使用微调深度学习分类器对应用商店中讽刺语言的检测和分类进行探索性自动研究

通过应用程序商店，用户可以对应用程序提出有见地的反馈意见，开发人员可以利用这些意见来改进软件应用程序并使其不断发展。然而，由于终端用户的反馈越来越多，要找到对质量改进和应用程序增强有价值且相关的用户评论具有挑战性。此外，据我们所知，迄今为止，现有的情感分析方法在识别最终用户评论的情感以用于需求决策时，缺乏对讽刺及其类型的考虑。此外，还没有关于通过分析应用程序评论来检测讽刺的工作报道。本文提出了一种自动方法，通过自然语言处理（NLP）和深度学习（DL）算法检测最终用户评论中的讽刺及其类型，并识别有价值的需求相关信息，从而帮助软件工程师更好地理解最终用户的情绪。为此，我们抓取了 Play Store 中七个软件应用程序的 55,000 条最终用户评论。然后，通过对最终用户评论进行批判性分析，并恢复常用的讽刺类型（如讽刺、幽默、奉承、自嘲和被动攻击），开发出一种新颖的讽刺编码指南。接下来，我们利用编码指南和内容分析方法，对 10,000 条用户评论进行了注释，并使其可以被最先进的 DL 算法解析。我们在巴基斯坦两所不同的大学进行了一项调查，以确定参与者手动识别最终用户评论中讽刺语言的准确性。我们开发了一个基本事实来比较 DL 算法的结果。然后，我们应用各种经过微调的 DL 分类器，首先检测最终用户反馈中的讽刺，然后进一步将讽刺性评论分类为更精细的讽刺类型。为此，首先要对最终用户评论进行预处理，并与数据集中的实例进行平衡。然后，应用特征工程对 DL 分类器进行微调。二元分类的平均准确率分别为 97%、96%、96%、96%、96%、86% 和 90%，CNN、LSTM、BiLSTM、GRU、BiGRU、RNN 和 BiRNN 分类器的平均准确率分别为 90%、91%、92%、91%、91%、75% 和 89%。这些信息将有助于提高情感分析方法的性能，从而更好地理解与已识别的新特征或问题相关的情感。

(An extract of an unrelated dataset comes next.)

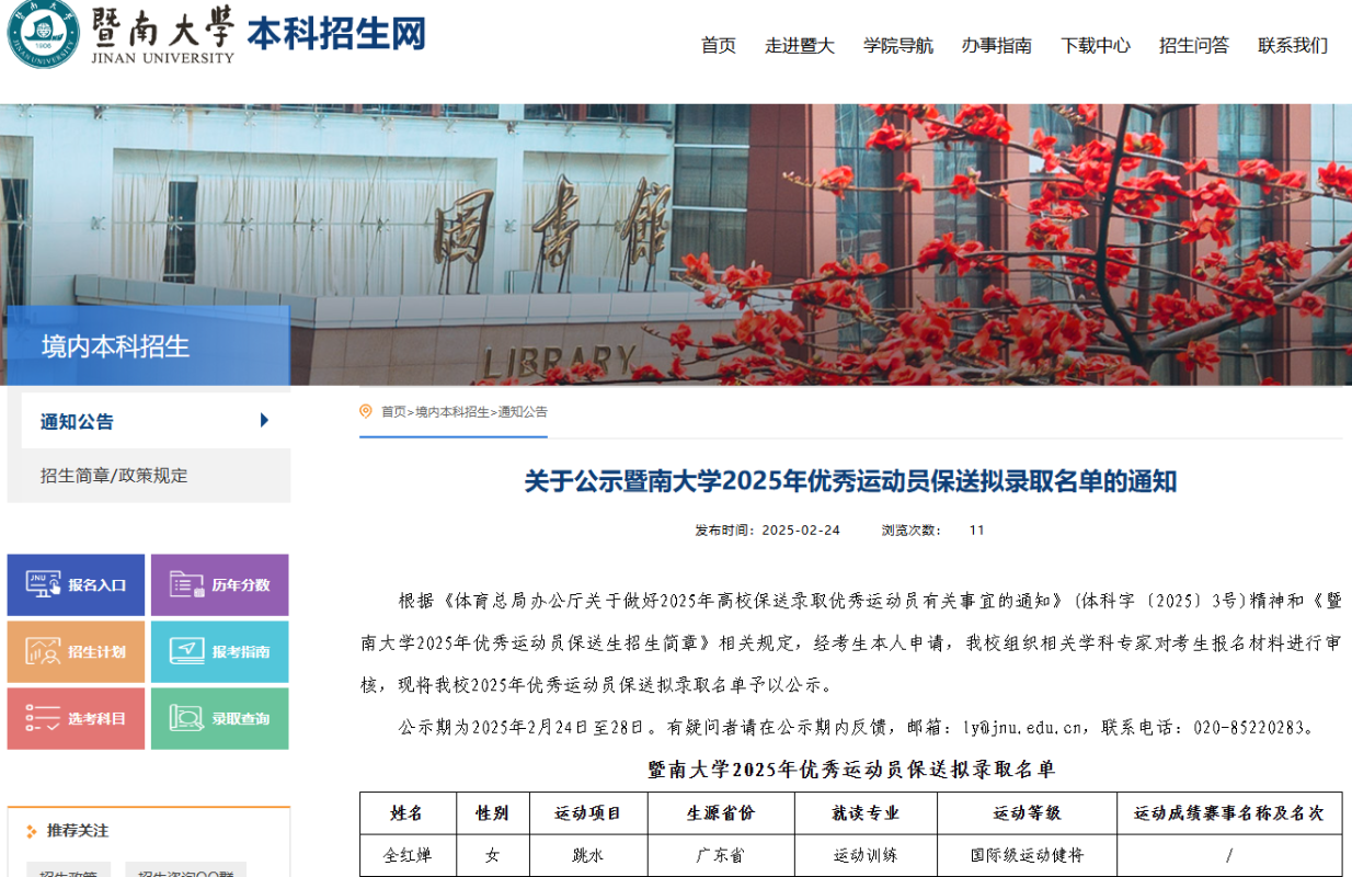 圖片來源:暨南大學本科生招生網站截圖 據《關於公示暨南大學2025年優秀運動員保送擬錄取名單的通知》顯示,經考生本人申請,暨南大學組織相關學科專家對考生報名材料進行審核,對該校2025年優秀運動員保送擬錄取名單予以公示。全紅嬋、吳嘉誠被暨南大學擬錄取 。 全紅嬋,2007年3月28日出生於廣東湛江。 去年,17歲的全紅嬋在巴黎奧運會包攬女子10米台單人和雙人冠軍,加上此前在東京奧運會女子單人10米台決賽中一戰成名,成為中國奧運歷史上最年輕的“三金王”。今年1月,世界泳聯公佈了2024年度各項目最佳運動員名單,全紅嬋當選最佳女子跳水運動員。 去年10月24日,中國全國舉重冠軍賽暨第十五屆全國運動會舉重比賽資格賽,男子61公斤級比拼中,廣州隊吳嘉誠抓舉舉起136公斤獲得抓舉金牌,並以294公斤獲得總成績銀牌。 若最終獲得保送,全紅嬋、吳嘉誠將與中國男子60米、100米亞洲紀錄保持者蘇炳添成為校友。據悉,蘇炳添為暨南大學2017屆國際經濟與貿易專業碩士研究生,同時是暨南大學體育學院副教授,碩士研究生導師。(完) 【編輯:林曉惠】

本文章由计算机程序翻译，如有差异，请以英文原文为准。

求助全文

约1分钟内获得全文求助全文

来源期刊

Automated Software Engineering 工程技术-计算机：软件工程

CiteScore

4.80

自引率

11.80%

发文量

审稿时长

>12 weeks

期刊介绍： This journal details research, tutorial papers, survey and accounts of significant industrial experience in the foundations, techniques, tools and applications of automated software engineering technology. This includes the study of techniques for constructing, understanding, adapting, and modeling software artifacts and processes. Coverage in Automated Software Engineering examines both automatic systems and collaborative systems as well as computational models of human software engineering activities. In addition, it presents knowledge representations and artificial intelligence techniques applicable to automated software engineering, and formal techniques that support or provide theoretical foundations. The journal also includes reviews of books, software, conferences and workshops.